Knowledge versus mindset

I know I’ve said this before, but in my opinion mindset is even more important than having a great deal of knowledge. When you have the right mindset, everything’s easier. You’re not fighting with yourself. Decisions have more glue.

Without having the right mindset and exercising it, I can spend all day eating chocolate at my computer and reading other people’s information about diet, health, a good life. I can get steadily fatter and unhealthier while reading the best information in the world. So knowledge is only power when it’s acted on in the right way. You can have all the best information of the day at your fingertips but if you don’t use that knowledge, put it into practice—live it, it’s worth very little.

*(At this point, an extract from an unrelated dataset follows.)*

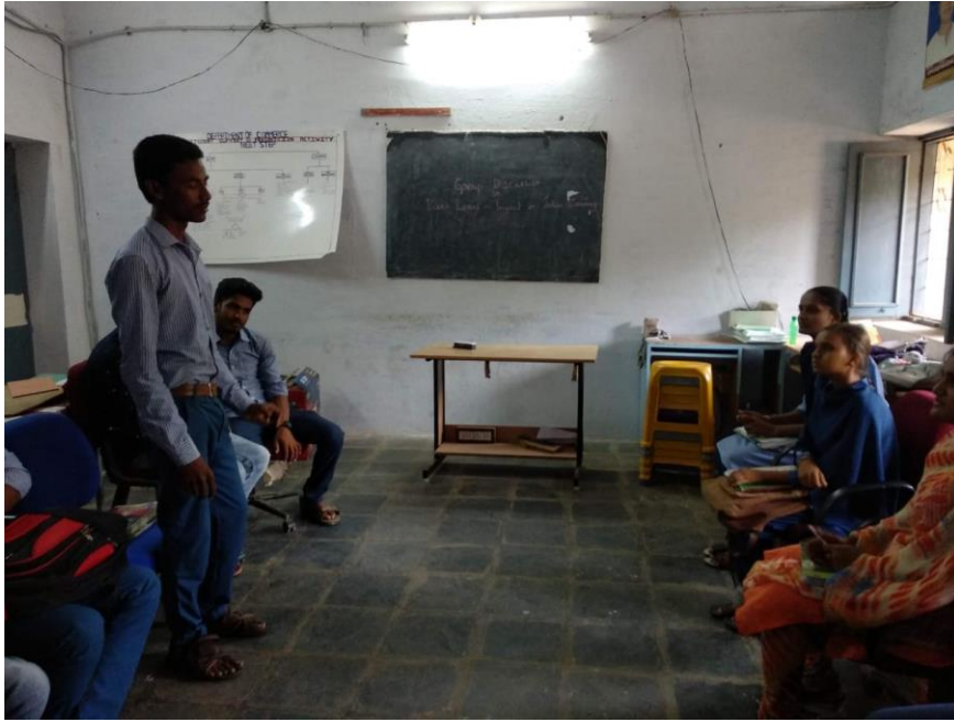
Student Seminars on Consumers day

Putting anything into practice can have its difficulties. But one day when you wake up with even an inkling of the right mindset, put aside everything you possibly can and work with that little gem. Its value is above rubies!

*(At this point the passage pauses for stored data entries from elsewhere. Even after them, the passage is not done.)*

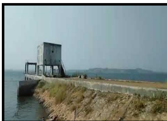
Fig.2 Selud pump house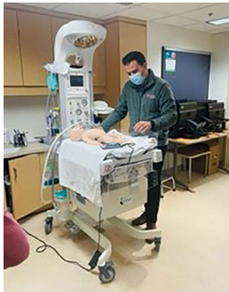
The training manikins offer realistic simulations for the WDMH team.

We are so grateful to our generous donors who are helping to support ongoing learning at WDMH.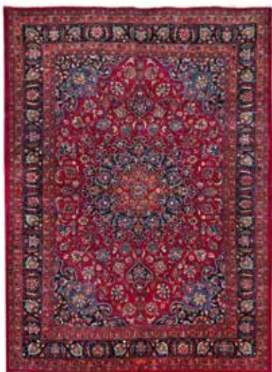
450 A MASHHAD CARPET

TP Central Persia, 342cm x 254cm £600 - 800 €700 - 930

Yesterday I woke up with that inkling. As gemstones go, it was a fairly small ruby … but it was there, glinting in the darkness. I made cheese/ham and salad sandwiches and packed fruit and biscuits for the one who has to be at work by 6.30am and while the salad container was out I made two plates of salad for the two of us who eat lunch at home. While I was in the kitchen—and before doing anything else with my day—I cooked up mince in the frying pan with a little tomato paste and poached a big chicken breast. I took a pear and a banana in with me to my office and made a solemn promise I wouldn’t eat any chocolate that morning. Don’t laugh. I often have chocolate for breakfast. While in the kitchen I had made a fruit and spinach smoothie with some extra goodies in it so I  had that for breakfast while sitting at my desk. This is never enough for me (hence the huge blocks of chocolate lurking in the office) so I had the banana as well. For morning tea I toasted a piece of essene bread instead of chocolate or biscuits. Later in the day after a lunch of salad with a sprinkling of poached chicken, I had a small apple instead of chocolate.  And then I ate some chocolate. But at least I’d stemmed the chocolate tide a little by doing without it in the morning. My eating choices were pretty good apart from the chocolate (still a lot by other people’s standards, but good for me), a glass of non-alcoholic wine and a hot chocolate drink at bedtime.

Bugger perfect. Better is what I’m looking for. And having easy choices for ‘better’ is a great way to go. If you have your healthy options made, or at least started, it seems much easier to follow through. But I could just as easily just toddled back to bed for that hour I spent in the kitchen and let my little ruby sink into oblivion. It was only a tiny feeling, after all. How much good could it possibly do? I could have had that fleeting feeling and ignored it because chocolate is a lot easier to eat than the healthy options I did manage to include.

These ruby experiences can start out as just moments, but they have a certain energy that can help carry you through times when your negativity or cravings usually win out. When you find a little ruby, use it. Polish it, admire it, stroke it. Do whatever you can to keep it right in front of you so it can help you to make some of the best decisions of your life … and carry them through.